- [MATERIAL FOR THIS TASK]:
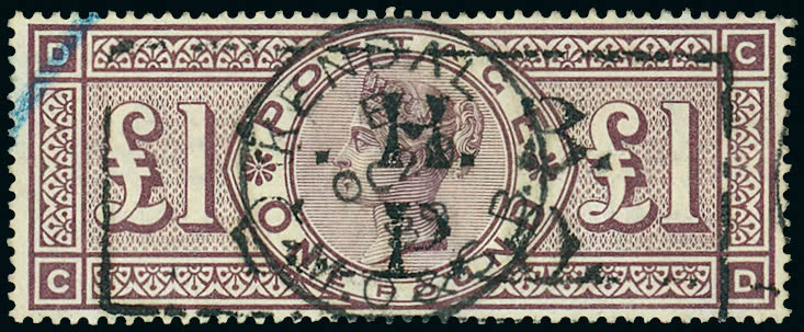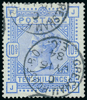 A Q.V. used selection, incl. 1847-54 embossed 6d. (2 shades), 10d. and 1s., 1867-83 watermark Maltese Cross 5s. plate 1 (2) and plate 2 (2) and 10s., 1883-84 2s.6d. and 5s. apparently on blue paper, 2s.6d. (2), 5s. (2) and 10s. (2) on white paper, 1883-83 lilac and green set, 1887-92 Jubilee to both 1s., etc., also Telegraph 1876 £1 brown, mixed condition. (49)
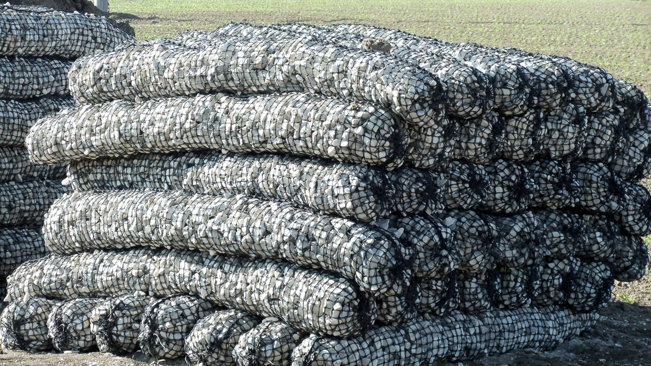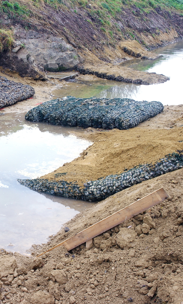Steinmatratzen ersetzen leichte Deckwerke und werden häufig in Verbindung mit Röhrichtmatten verwendet.
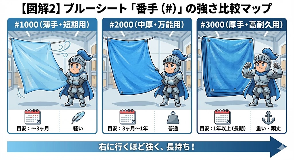 3.【図解2】ブルーシート「番手(#)」の強さ比較マップ
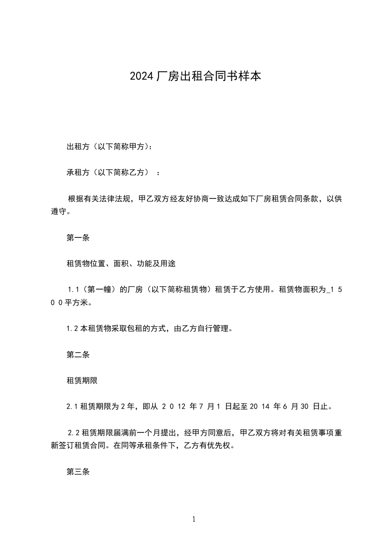 一、甲方将位于XX市XX街道XX小区X号楼XXXX号的房屋出租给乙方居住使用,租赁期限自XX年XX月XX日至XX年XX月XX日,计X个月。
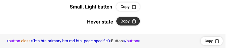 Create new classes to implement the design for the copy button. Afterwards, add the copy button information in the design system page as necessary.
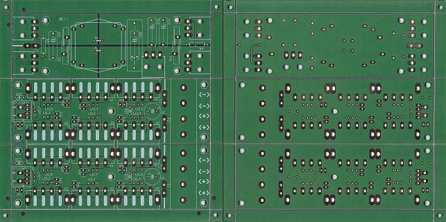 La PCB desarrollada es un panel de tres placas divididas en V-CUT. Una es para la distribución del cableado de 220VAC y otras dos idénticas para distribuir la continua.
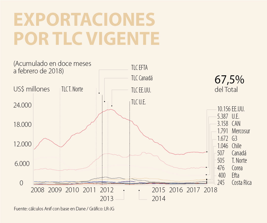 El TLC con el EFTA también tuvo un balance exportador positivo por ganancias en el sector minero. Con Canadá se recuperó el potencial exportador durante 2017, debido al desempeño de las exportaciones metalúrgicas . EE.UU. (el principal socio comercial) mantuvo su balance exportador en -1, dejando en evidencia el limitado aprovechamiento con ese país. Entre tanto, el TLC con el G3 exhibió las mayores ganancias en competitividad exportadora en los sectores minero, de refinación de petróleo y alimentos. El TLC con Corea del Sur mantuvo su balance negativo, mientras que la Zona Euro como el Mercosur mostraron mejoras marginales en los sectores metalúrgico y textilero, respectivamente. A pesar de ello, estos últimos dos siguen representando los mayores riesgos para el país con los balances más desfavorables para Colombia.

- [TASK BRIEF]:
Quote all of the entries word for word, omitting any pictures.

- [OUTPUT OF THE TASK]:
 A Q.V. used selection, incl. 1847-54 embossed 6d. (2 shades), 10d. and 1s., 1867-83 watermark Maltese Cross 5s. plate 1 (2) and plate 2 (2) and 10s., 1883-84 2s.6d. and 5s. apparently on blue paper, 2s.6d. (2), 5s. (2) and 10s. (2) on white paper, 1883-83 lilac and green set, 1887-92 Jubilee to both 1s., etc., also Telegraph 1876 £1 brown, mixed condition. (49)
Steinmatratzen ersetzen leichte Deckwerke und werden häufig in Verbindung mit Röhrichtmatten verwendet.
 3.【図解2】ブルーシート「番手(#)」の強さ比較マップ
 一、甲方将位于XX市XX街道XX小区X号楼XXXX号的房屋出租给乙方居住使用,租赁期限自XX年XX月XX日至XX年XX月XX日,计X个月。
 Create new classes to implement the design for the copy button. Afterwards, add the copy button information in the design system page as necessary.
 La PCB desarrollada es un panel de tres placas divididas en V-CUT. Una es para la distribución del cableado de 220VAC y otras dos idénticas para distribuir la continua.
 El TLC con el EFTA también tuvo un balance exportador positivo por ganancias en el sector minero. Con Canadá se recuperó el potencial exportador durante 2017, debido al desempeño de las exportaciones metalúrgicas . EE.UU. (el principal socio comercial) mantuvo su balance exportador en -1, dejando en evidencia el limitado aprovechamiento con ese país. Entre tanto, el TLC con el G3 exhibió las mayores ganancias en competitividad exportadora en los sectores minero, de refinación de petróleo y alimentos. El TLC con Corea del Sur mantuvo su balance negativo, mientras que la Zona Euro como el Mercosur mostraron mejoras marginales en los sectores metalúrgico y textilero, respectivamente. A pesar de ello, estos últimos dos siguen representando los mayores riesgos para el país con los balances más desfavorables para Colombia.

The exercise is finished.